Johnstone v. Crooks

The opinion of the Court was delivered by

Moses, C. J.

The first assignment of error in the charge of the Circuit Judge is his instruction to the jury, “ that the payments in Confederate currency should stand as a credit for that many dollars on the bond.”

It is scarcely necessary to refer to authority to shew that what the creditor takes'"and acknowledges as payment of his debt must be so considered, unless some fraud or imposition has been practised to induce' him to receive, in lieu of his demand, that which was never intended to be accepted as an equivalent for it.

As well might one claim a restitution of his property because he had parted with it at less than the market value. If the transaction is free from circumvention, or influence of a character which *203would vitiate it at law, it must stand as the considerate act of the parties, binding on both of them.

This recognized principle, it is claimed, cannot apply to a contract subject to the provision of the Ordinance of September 27th, 1865, entitled “An Ordinance to declare of force the Constitution and laws heretofore in force in this State,” which allows “the true value and real character of the consideration of any contract entered into between the 1st day of January, 1862, and the fifteenth day of May, 1865,” to be shewn, “so that such verdict or decree might be rendered as will effect substantial justice between the parties.”

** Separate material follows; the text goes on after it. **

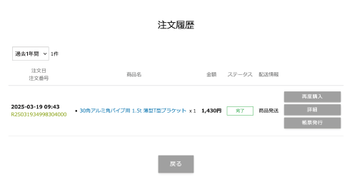②過去の注文の一覧が表示されるので、帳票を発行したい注文の「帳票発行」へアクセスします。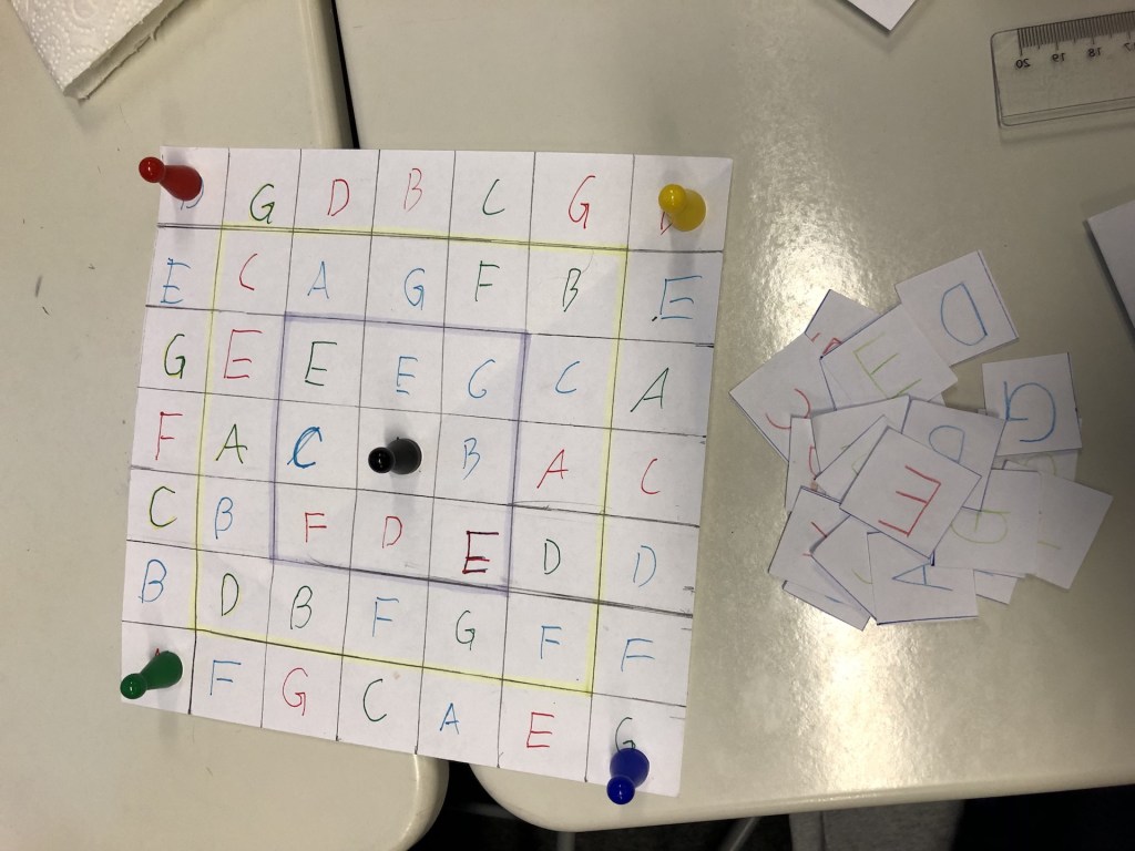 Die ersten beiden Tage fanden online statt und die Dozenten wurden ins Klassenzimmer zugeschaltet. Die letzten drei Tage konnten wir live in der HNU Neu-Ulm wahrnehmen. Am 1. Workshoptag wurden in sechs Kleingruppen verschiedene Prototypen für eigene Brettspiele entwickelt und vorgestellt. Hier eine kleine Auswahl …

It has been decided in Austin vs. Kinsman, 13 Rich. Eq., 265, and in Fluit vs. Nelson, 15 Rich., 11, that the Ordinance only applied to executory contracts, and that, therefore, where part payment had been made in Confederate currency, the creditor is not entitled to have the amount of the payment reduced to its value in National currency. If the proposition so contended for by the plaintiff can prevail, what would prevent its extension to the recovery from a maker, by the payee of a note who had received the amount nominally due upon it in Confederate currency, of the difference between such currency and the legal tender notes of the United States?

The second ground of error charged involves the plaintiff in an attempt, through the aid of the Court, to repudiate his own act in accepting a depreciated currency in part payment of the bond. While an officer of the Court, the obligee and custodian of the bond, he credited the money received, and, after inducing the obligors to suppose that so much of it was extinguished, he now avers that his course was without right, “ and that the payments should be stricken out.”

Is he in a position to avail himself of such an advantage ? The creditors and the parties interested in the estate for the benefit of which the bond was held, are not before the Court. Whatever may be their rights, (and in that regard we do not propose to intimate an opinion,) he can not ask of the defendants any abatement or diminution of the amount so credited, because received in Confederate notes.

The third ground alleged as error must be sustained. The constitutionality of the “Act to determine the value of contracts made in Confederate States notes, or their equivalent,” approved March 26, 1869, 14 Stat., 277, was sustained by this Court in Neely vs. McFadden, 2 S. C., 169. The Circuit Judge further charged, *204that if not repugnant to the Constitution of this State and of the United States, “ it had no application to the contract proved in this case, and that, after fixing the real value of the property on the day of sale, and ascertaining what proportion of the original bond had been paid, and what proportion was still due, their verdict should conform to such proportion.”

The rules by which the construction and determination of contracts made during the period when Confederate States notes constituted the only circulating medium in the State, have been fully prescribed and set forth in the cases of Neely vs. McFadden, 2 S. C., 169, and Harmon vs. Wallace, 2 S. C., 208.

They determine the principles which must be applied to the construction of such contracts, where, from the peculiar condition of the currency then prevailing, and the state of the country, the intent of the parties is allowed to be ascertained by a resort “ to proof of extrinsic facts and circumstances,” in aid of the inference to be drawn from the instrument itself.

The motion is granted, and a new trial ordered.

Willard, A. J., and Wright, A. J., concurred.